Some of it may well be a deficiency in the “dog mentality” area.

Oh, make no mistake, Nebraska has plenty of “dogs” on its roster. But you can say that about any football team. It probably comes down to who has more of them. 

Who has the most dogs with the most bite? 

Who has more players who want it more than the next guy? 

A tricky part of the discussion is deciding whether a “dog mentality” can be coached.

The answer, best I can tell, is yes.

Fisher says a coach can create an environment that helps foster a “dog mentality.”

“When you have that type of coach, you’re going to have those type of players,” he says. “If you’ve got that laid-back coach who’s not a dog, then those players don’t get a chance to see the coach stretch it.”

He gives an example: A team meeting ends 30 minutes earlier than scheduled. Instead of sending players home early, the “dog” coach uses those 30 minutes to work with players.

“Players see that sort of situation,” Fisher says. “They see a person who cares. A person who really wants to be great is going to try to be great.”

Some players, he says, try to fool people into thinking they’re a dog.

“They’ll be in practice doing a bunch of rah-rah-rah stuff,” he says.

That’s nice, but here’s what being a dog means to Fisher: It’s the defensive back whose assignment on a given play takes him far from the ball carrier. But instead of giving up on the play, the defender somehow chases down the ball carrier at the 1-yard line.

“Then we line up at the 1 and recover a fumble,” he says. “That’s a damned dog.”

Oh, no question, you see the other side of that conversation all the time in film sessions: Defenders giving a half-hearted chase after the ball. It’s painful to watch.

You might hear the real dogs in that film session growl audibly.

“Cam Taylor-Britt was a dog,” Fisher says of Nebraska’s NFL-bound former corner.
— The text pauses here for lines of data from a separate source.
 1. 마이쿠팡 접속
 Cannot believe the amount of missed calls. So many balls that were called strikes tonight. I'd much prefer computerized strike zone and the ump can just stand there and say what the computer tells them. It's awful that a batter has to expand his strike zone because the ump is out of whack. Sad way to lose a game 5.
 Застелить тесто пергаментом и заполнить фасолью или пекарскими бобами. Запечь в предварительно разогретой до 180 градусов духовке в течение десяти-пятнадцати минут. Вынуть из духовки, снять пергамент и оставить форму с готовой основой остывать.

“DiCaprio Bootle, he was a damned dog,” the coach says of the former Husker corner who made the 2021 Kansas Chiefs roster as an undrafted free agent.

“Deontai Williams was a damned dog,” Fisher says of Nebraska’s starting safety last season.
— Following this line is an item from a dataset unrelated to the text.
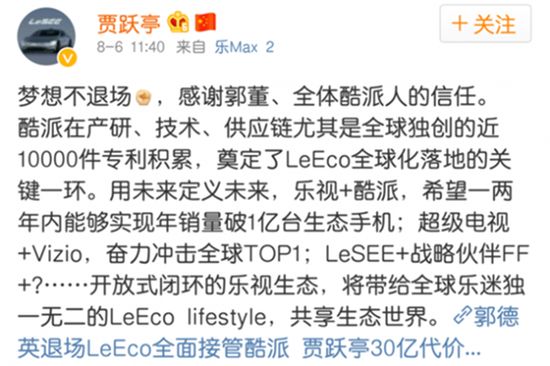 2016年8月,贾跃亭在正式入主酷派后,一言不合又立下新Flag,称希望乐视+酷派一两年内能够实现年销量破1亿台生态手机。换言之,最晚到2018年8月,乐视+酷派年出货量将达到1亿台,野心勃勃可见一斑。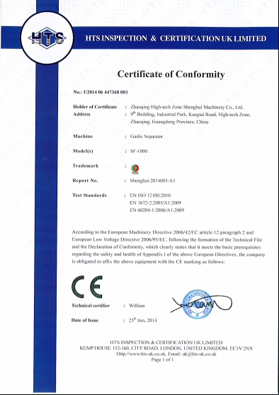 大蒜分瓣機獲得CE認(rèn)證

“I’ve had a lot of dogs in the secondary here,” the coach adds. “They do the sh– that nobody wants to do. They put their f—ing hard hats on and their boots and they get gritty. It’s not a stat. You don’t look in a stat book and see a dog. Nope. It’s a dad with his last 10 bucks in his pocket making sure his kids get fed. That’s a dog.”
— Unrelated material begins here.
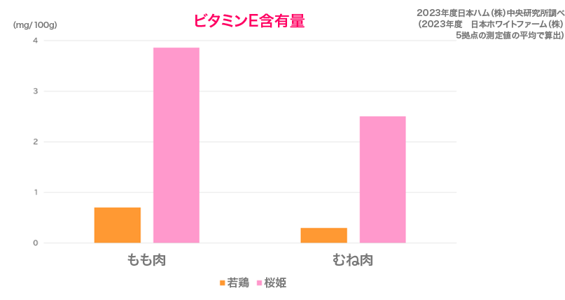 桜姫の飼料は工夫することによって、一般の鶏肉と比べてビタミンEが3倍以上含まれることが確認されています。※

Some dogs, he says, you have to hold back.

“Cam Taylor-Britt, I had to ‘whoa’ him,” the coach says. “Sometimes, you have to pinch a guy and say, ‘Go.’ With other players, you have to say, ‘Whoa.’ With those guys, if you get on their bad side, they’ll snap at you. So, you tell them you love them, then you go back to grinding them. You make them mad, and you do it again and again. 

“Eventually, a dog is going to say, ‘Hey, I’m getting better.’ Then those guys soon will be saying, ‘Thank you so much, Coach, for coaching me the way you did.'”

Dogs love the grind. Fisher loves the grind. He proved it as a player and now as a coach. 

He’s got the dog mentality, and we should all hope we have some of it, too.